Opinion
January 18, 2001.
Judgment, Supreme Court, Bronx County (Gerald Sheindlin, J.), rendered June 30, 1998, convicting defendant, after a nonjury trial, of murder in the second degree, tampering with physical evidence, possession of a stolen vehicle in violation of Vehicle and Traffic Law § 426, and two counts of criminal possession of a weapon in the fourth degree, and sentencing him, as a second felony offender, to an aggregate term of 15 years to life, unanimously affirmed.
Rafael Curbelo for respondent.
Laurence J. Sass for defendant-appellant.
Before: Rosenberger, J.P., Tom, Mazzarelli, Ellerin, Wallach, JJ.

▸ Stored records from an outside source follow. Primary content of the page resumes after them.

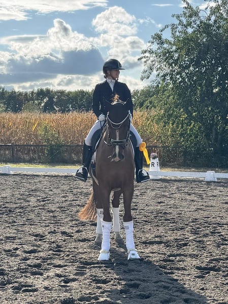 This 4-year-old gelding by Q-Sieben out of a Dauphin mare impresses with three very good basic gaits. He has shown himself to be equipped with pleasant rideability and convinces with his friendly nature. Inquiries exclusively by phone at 015737881045.
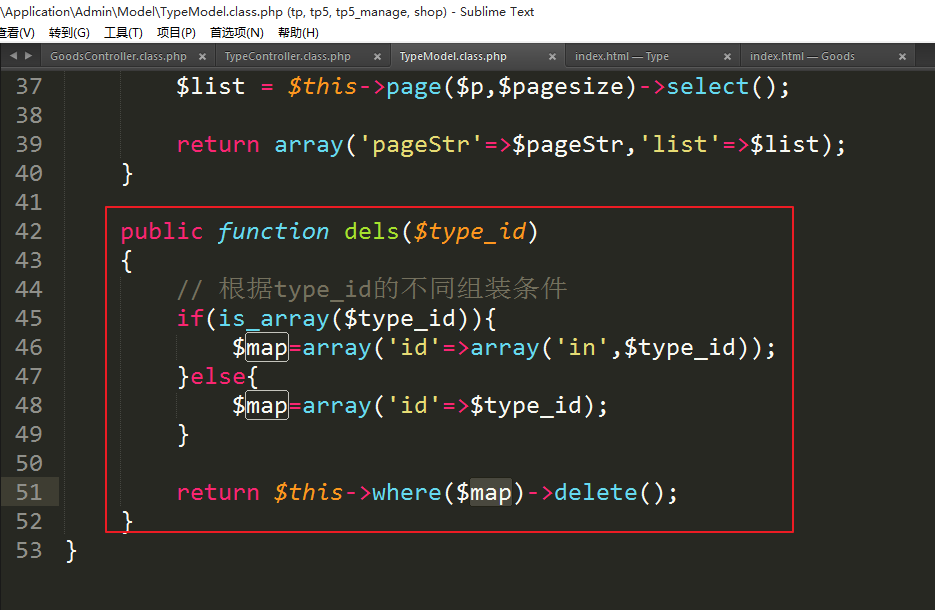 ②定义模型的dels方法实现删除
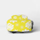 Ein weißes Blumenmuster sitzt auf einem hellen, sonnigen, gelben Hintergrund.

Defendant's suppression motion was properly denied. Even were we to assume arguendo that the oral statement made to the detectives should have been suppressed, there was a definite and pronounced break between the oral statement and the subsequent written and videotaped statements. The substantial intervening period of time and readministration of newMiranda warnings attenuated any possible taint from the allegedly inadmissible first statement (see, People v. Chapple, 38 N.Y.2d 112, 115).
The verdict was based on legally sufficient evidence and was not against the weight of the evidence. There is no basis upon which to disturb the court's determinations concerning credibility.
THIS CONSTITUTES THE DECISION AND ORDER OF SUPREME COURT, APPELLATE DIVISION, FIRST DEPARTMENT.